- Bosking et al 1997
The visual system is organized into a hierarchy of different interconnected areas of the brain. As signals propagate across the hierarchy of the visual system, the information represented in the signal becomes more complex. For example, the output cells of the primate retina, retinal ganglion cells, primarily transmit luminance contrast and chromatic contrast to the cortex. However, the response properties of neurons in V1 (the first visual cortical area) build upon this to represent the orientation of contrast edges.

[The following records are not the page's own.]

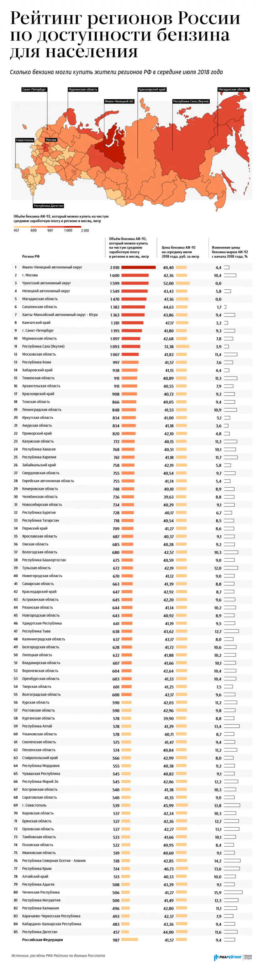 Отмечается, что рейтинг российских регионов составлялся на основе количества бензина марки Аи-92, которое на среднюю зарплату в регионе мог приобрести местный житель в июле 2018 года. По статистическим данным, житель ЯНАО мог приобрести в середине июля более 2 тыс. литров бензина, а житель Дагестана — всего 457 литров.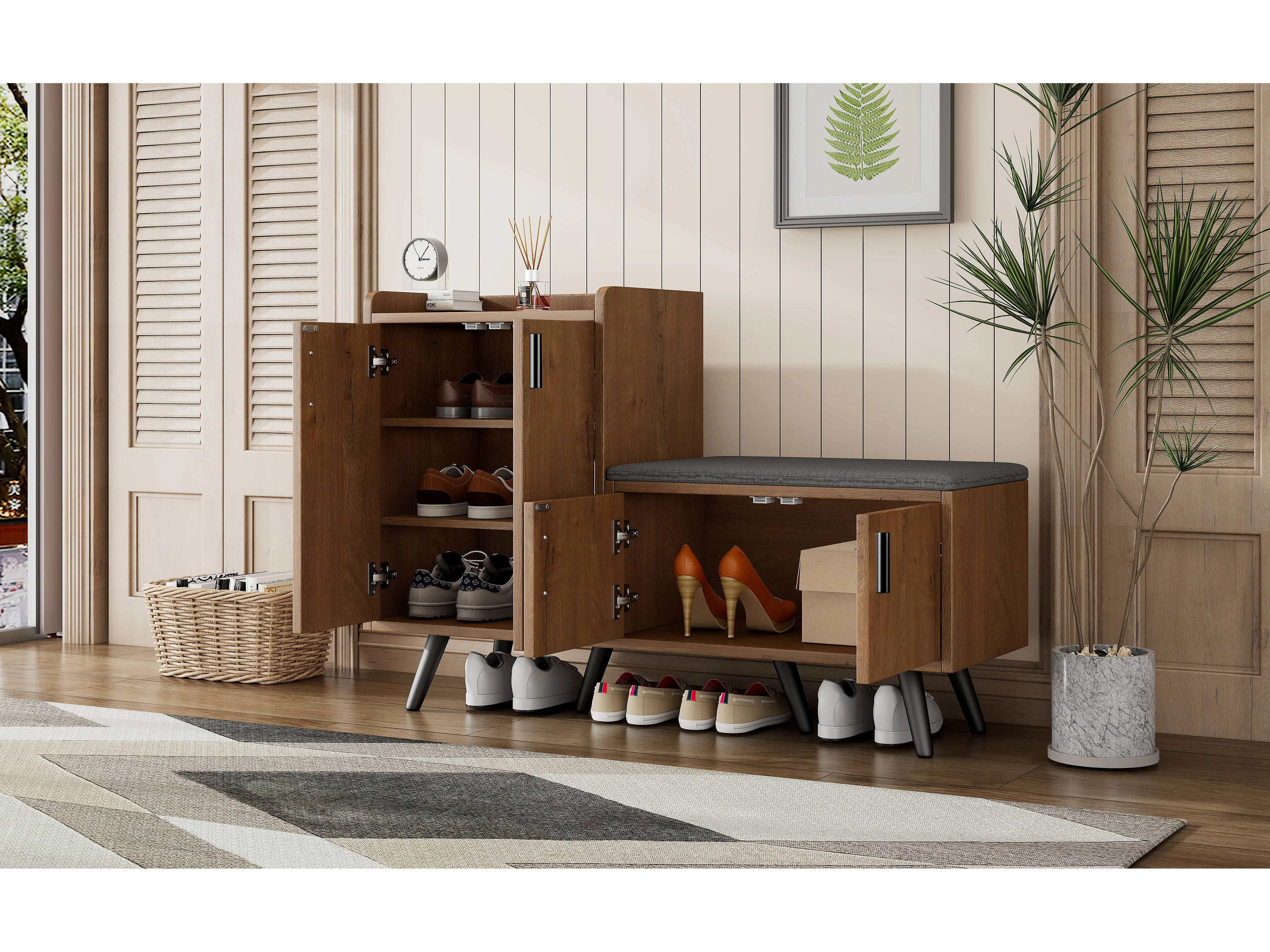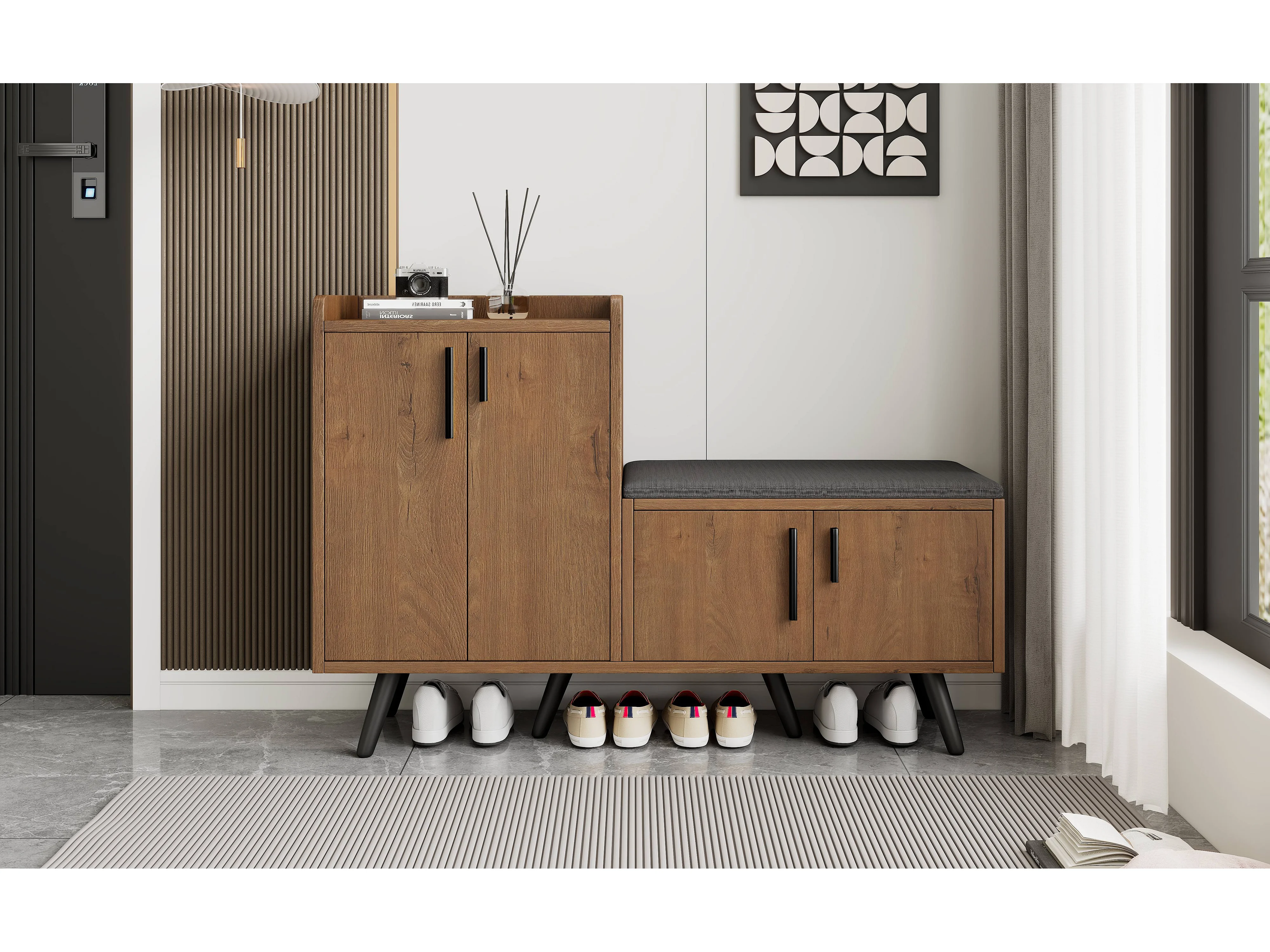 Moderne schoenenkast, natuurlijk hout, met 4 opbergdeuren, asymmetrische metalen handgrepen, (120x34x82 cm)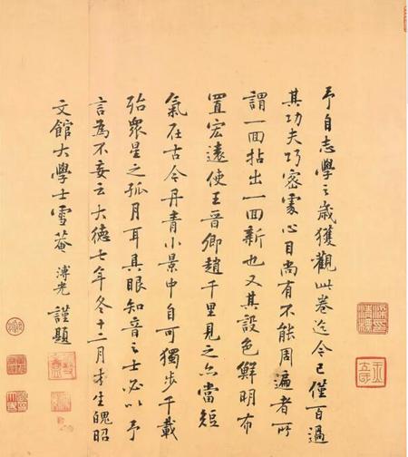 需要解释的是,溥光款署:“大德七年(1303)……昭文馆大学士雪庵溥光谨题”(图3),钤印“雪庵”(朱文)和“溥光”(白文),另有两个印痕似花押。清代黄本骥《跋溥光书万安寺茶榜》说他在“至大初(1308—1311)授昭文馆大学士”(苏显双查出刊于清吴荣光《辛丑消夏记》卷四),此乃虚职。据凌利中先生提示,溥光在传为唐代韩滉《丰稔图》卷(故宫博物院藏)后书有跋文(图4),经比对,其书写习惯和笔性书风实为一人,恰如明初陶宗仪《书史会要》卷七所云:“溥光小字亦有格力”。那么溥跋即为原始的第一手文献,清人黄本骥所录是传抄文献,会有误,溥光任职昭文馆大学士的时间也许要提前5年。

The following code will visualize some responses from V1 cortical neurons from a data set made publicly available by the Bethge Lab. The neurons were recorded during a experiments where drifting sinusoid gratings were presented at different orientation angles. The following code will visualize the responses to all grating orientations for a subset of the neurons. To facilitate comparison between conditions, the response for each orientation will be smoothed using loess (locally weighted regression) smoothing. The image below shows a few examples of sinusoidal contrast gratings of different orientations similar to the stimuli used in this experiment.
Let’s begin by getting a feel for the data set. The data set holds recordings from electrode arrays in V1 and has different experimental sessions organized in different structures:
sSlength <- length( sortedSpikes$data )
sSlength## [1] 27
This set contains neural data from 27 separate experimental recordings. Each recording holds the binned spike data for a number of isolated neurons, or single units. For example, we can see the number of single units recorded for the first experiment session:
r1dim <- dim( sortedSpikes$data[[1]][[1]][[6]] )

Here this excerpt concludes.